Chen Zhao, Zhao Mengzhu, You Liangzhen, Zheng Rui, Jiang Yin, Zhang Xiaoyu, Qiu Ruijin, Sun Yang, Pan Haie, He Tianmai, Wei Xuxu, Chen Zhineng, Zhao Chen, Shang Hongcai
Key Laboratory of Chinese Internal Medicine of Ministry of Education, Dongzhimen Hospital, Beijing University of Chinese Medicine, Beijing, China.
Institute of Basic Research in Clinical Medicine, China Academy of Chinese Medical Sciences, Beijing, China.
Chin Med. 2022 May 17;17(1):58. doi: 10.1186/s13020-022-00617-4.
Traditional Chinese medicine and Western medicine combination (TCM-WMC) increased the complexity of compounds ingested.
To develop a method for screening hepatotoxic compounds in TCM-WMC based on chemical structures using artificial intelligence (AI) methods.
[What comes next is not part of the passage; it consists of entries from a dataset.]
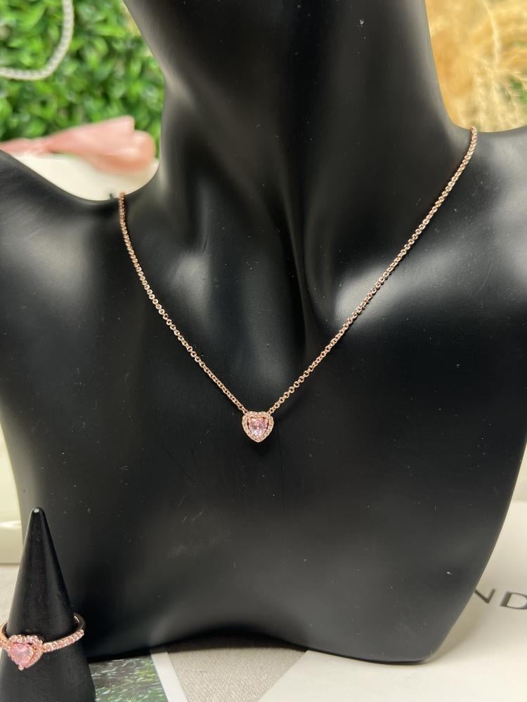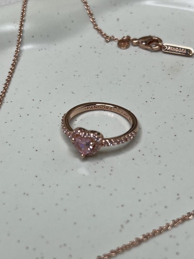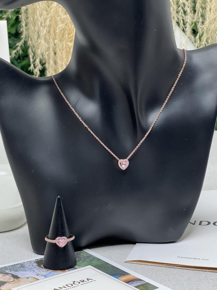 طقم باندورا قولد روز الطقم عبارة عن قلادة باندورا بشعار الماركة مصنوعه من الفضه عيار 925 خاتم باندورا فضة بشعار الماركة بداخل الخاتم جودة عالية جداً نراهن عليها الملحقات عبارة عن ملحقات السلسال + الخاتم بكامل اغراضها .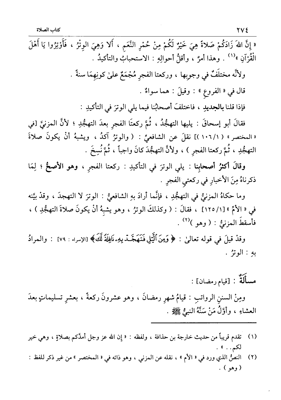 وما حكاه المزني في التهجد، فإنما أراد به الشافعي: الوتر لا التهجد، وقد بينه في " الأم " [1 125] ، فقال: (وكذلك الوتر، وهو يشبه أن يكون صلاة التهجد) . فأسقط المزني: (وهو) .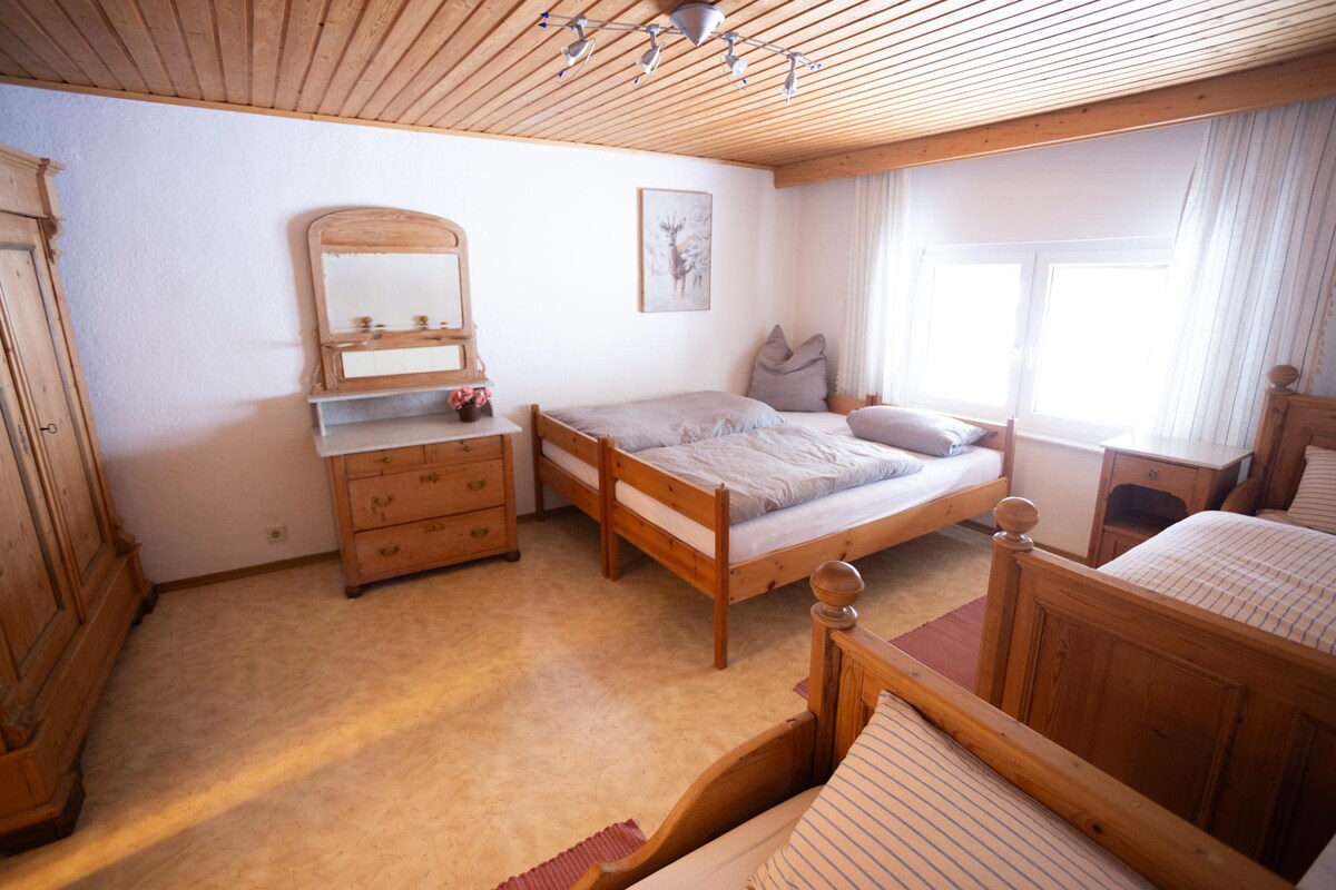 Nyt ferien din på det lille, rolige stedet - bare 4 km fra Furth i skogen. Du bor i den koselige leiligheten (100 kvm) for 2 til 6 personer, utstyrt med kjøkken og spiseområde, romslig stue, 3 soverom, bad, et separat toalett, balkong og plen, i et rolig område i utkanten. Ideelt utgangspunkt for aktiviteter og utflukter – inkludert fotturer, sykling, stavgang, skigåing og tennis.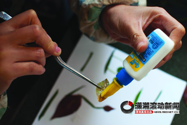 (④整体布局好,用胶水小心地将叶片沾上即可。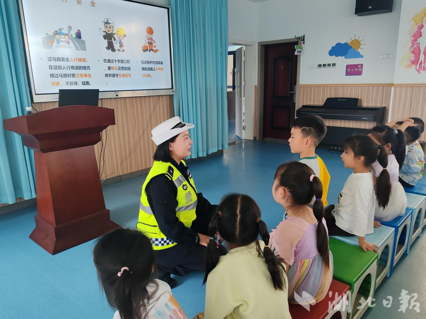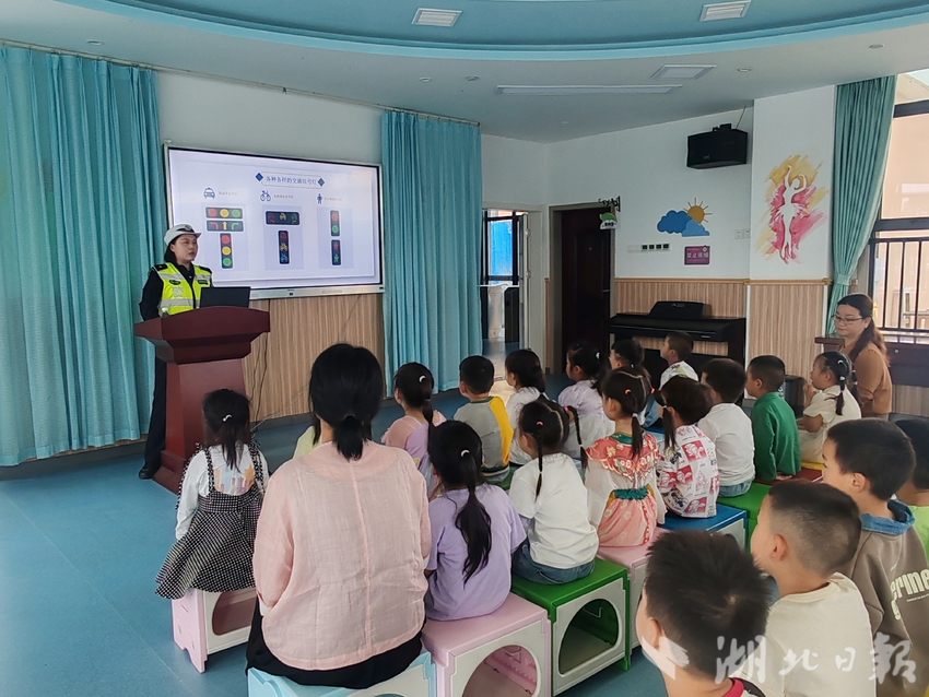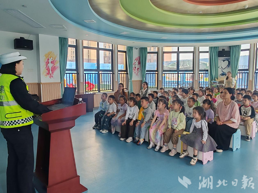 活动中,民辅警重点从幼儿日常出行应该注意的道路交通安全常识出发,通过观看视频的方式,向幼儿们讲解了安全过马路、“一盔一带”等知识,促使他们增强交通安全意识,提高自我保护能力。随后,民辅警还向幼儿们展示了交通标志图片,向他们介绍了常见的交通标志,如红绿灯、人行横道、禁止停车等,并说明了这些标志的含义和作用,让幼儿们能够在日常生活中正确识别和遵守交通规则。最后,民辅警通过有奖问答和幼儿们温馨互动,将安全教育知识和趣味性融为一体,让幼儿们在轻松愉快的氛围中掌握了安全知识。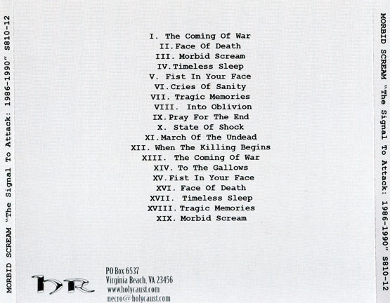 Компиляция творчества американской трэш-бригады... Основанная в 1986 году в штате Техас группа Morbid Scream просуществовала недолго,записав две демо-ленты в 1987 и 1988 годах.В 1990 году музыканты сменили название на The Morbid и записали последнее демо.В 2007 фирмой Tarot Productions выпущен этот ди ...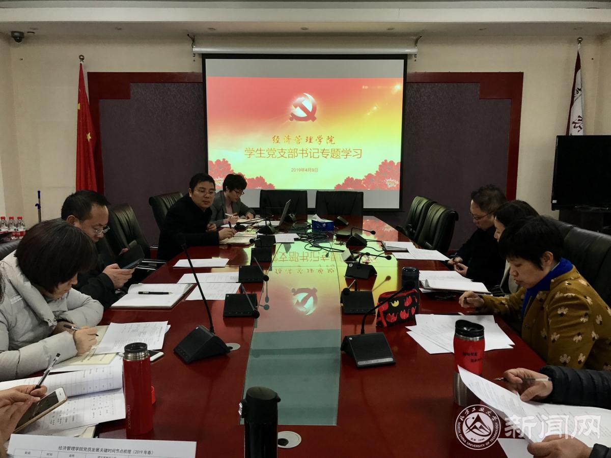 2019年4月9日下午,经济管理学院在励学楼201会议室开展学生党支部书记专题学习,学院党委书记王伟宾、党委副书记赵洁以及各个学生党支部书记参加了本次专题学习,本次会议由王伟宾书记主持召开。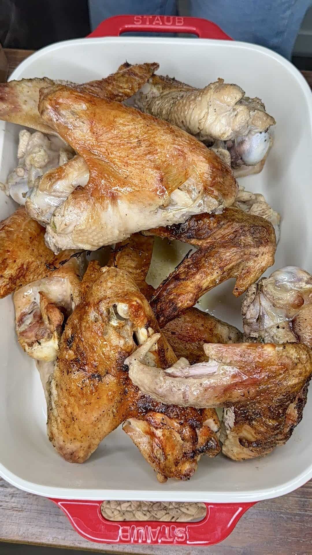 That amount will replace 2 full turkey wings or 1 wing + 1 drumstick in the original recipe.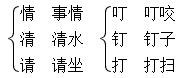 1.从 众 众 条 变成 2.林 森 单丝 不成 3.晴 清 蜻 睛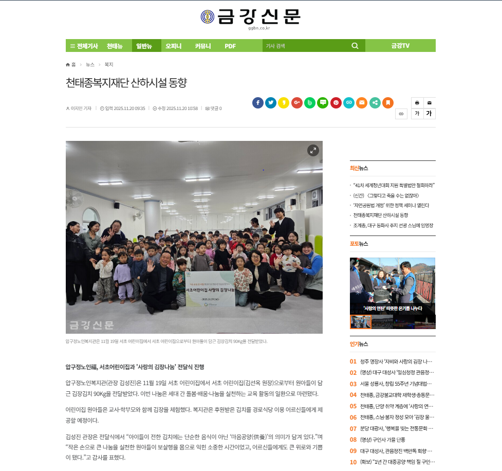 [금강신문] 압구정노인福, 서초어린이집과 사랑의 김장나눔 전달식 진행

Drug-induced liver injury (DILI) data was collected from the public databases and published literatures. The total dataset formed by DILI data was randomly divided into training set and test set at a ratio of 3:1 approximately. Machine learning models of SGD (Stochastic Gradient Descent), kNN (k-Nearest Neighbor), SVM (Support Vector Machine), NB (Naive Bayes), DT (Decision Tree), RF (Random Forest), ANN (Artificial Neural Network), AdaBoost, LR (Logistic Regression) and one deep learning model (deep belief network, DBN) were adopted to construct models for screening hepatotoxic compounds.
Dataset of 2035 hepatotoxic compounds was collected in this research, in which 1505 compounds were as training set and 530 compounds were as test set. Results showed that RF obtained 0.838 of classification accuracy (CA), 0.827 of F1-score, 0.832 of Precision, 0.838 of Recall, 0.814 of area under the curve (AUC) on the training set and 0.767 of CA, 0.731 of F1, 0.739 of Precision, 0.767 of Recall, 0.739 of AUC on the test set, which was better than other eight machine learning methods. The DBN obtained 82.2% accuracy on the test set, which was higher than any other machine learning models on the test set.
The DILI AI models were expected to effectively screen hepatotoxic compounds in TCM-WMC.
中西医结合增加了摄入化合物的复杂性。
基于化学结构,利用人工智能方法开发一种筛选中西医结合中肝毒性化合物的方法。
从公共数据库和已发表文献中收集药物性肝损伤(DILI)数据。由DILI数据形成的总数据集以约3:1的比例随机分为训练集和测试集。采用随机梯度下降(SGD)、k近邻(kNN)、支持向量机(SVM)、朴素贝叶斯(NB)、决策树(DT)、随机森林(RF)、人工神经网络(ANN)、自适应增强(AdaBoost)、逻辑回归(LR)等机器学习模型以及一种深度学习模型(深度信念网络,DBN)构建筛选肝毒性化合物的模型。
本研究收集了2035种肝毒性化合物的数据集,其中1505种化合物作为训练集,530种化合物作为测试集。结果表明,RF在训练集上的分类准确率(CA)为0.838,F1分数为0.827,精确率为0.832,召回率为0.838,曲线下面积(AUC)为0.814;在测试集上的CA为0.767,F1为0.731,精确率为0.739,召回率为0.767,AUC为0.739,优于其他八种机器学习方法。DBN在测试集上的准确率为82.2%,高于测试集上的任何其他机器学习模型。
DILI人工智能模型有望有效筛选中西医结合中的肝毒性化合物。